Provided material =>
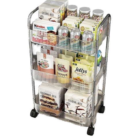 ชั้นวางของ3ชั้นสำหรับใช้ในครัวเรือนชั้นวางของในครัวเรือนชั้นวางของในรถเข็น
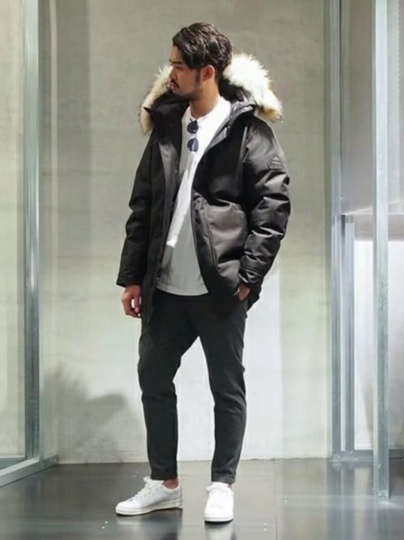 ボリュームのあるダウンジャケットは、下半身を細めのパンツで引き締めると全体のバランスが良くなります。トップスとボトムスのシルエットにメリハリをつけることで、スタイルがよく見え、野暮ったさを回避できます。
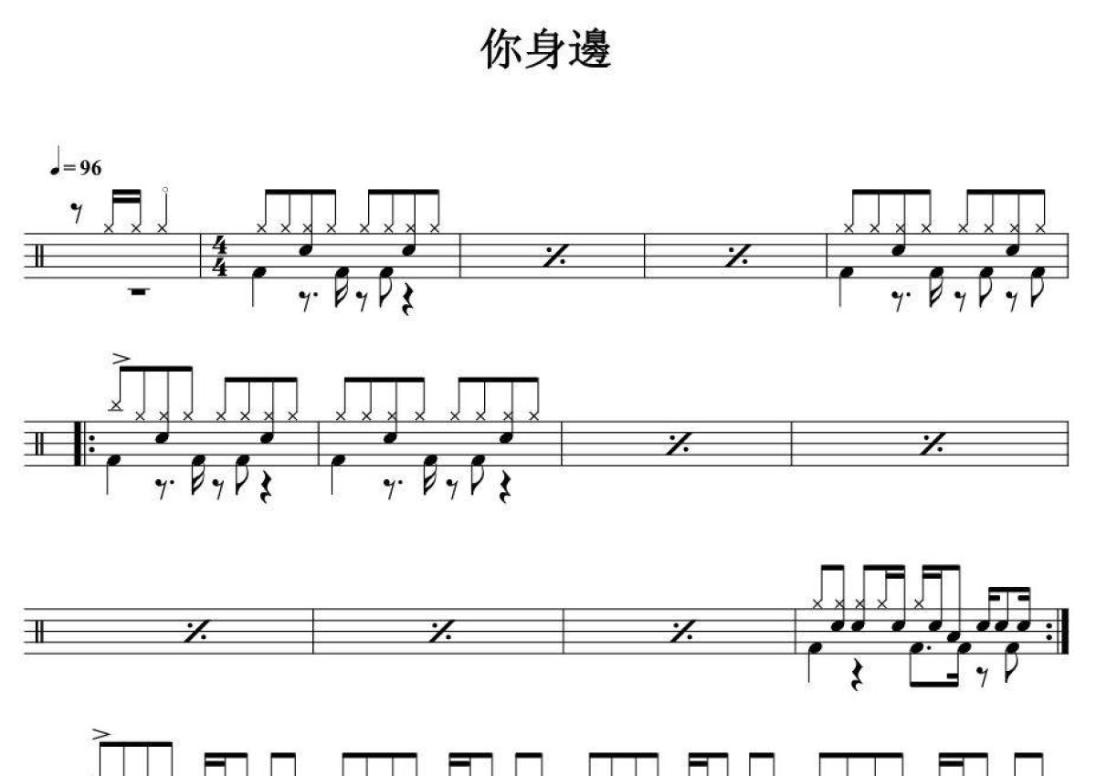《你身边》是黄立行演唱的一首歌曲,拍号为4/4拍,歌曲速度为每分钟96拍,这份架子鼓谱共有三张高清图谱,图谱由 @音符喷血者 编配上传,图谱使用五线谱编配,使用这份你身边架子鼓谱,你将能够轻松地敲打出这首黄立行的你身边,快来尝试吧。

Exercise goal =>
All of the data above should be transcribed verbatim, with pictures omitted.

Answer to this exercise =>
 ชั้นวางของ3ชั้นสำหรับใช้ในครัวเรือนชั้นวางของในครัวเรือนชั้นวางของในรถเข็น
 ボリュームのあるダウンジャケットは、下半身を細めのパンツで引き締めると全体のバランスが良くなります。トップスとボトムスのシルエットにメリハリをつけることで、スタイルがよく見え、野暮ったさを回避できます。
《你身边》是黄立行演唱的一首歌曲,拍号为4/4拍,歌曲速度为每分钟96拍,这份架子鼓谱共有三张高清图谱,图谱由 @音符喷血者 编配上传,图谱使用五线谱编配,使用这份你身边架子鼓谱,你将能够轻松地敲打出这首黄立行的你身边,快来尝试吧。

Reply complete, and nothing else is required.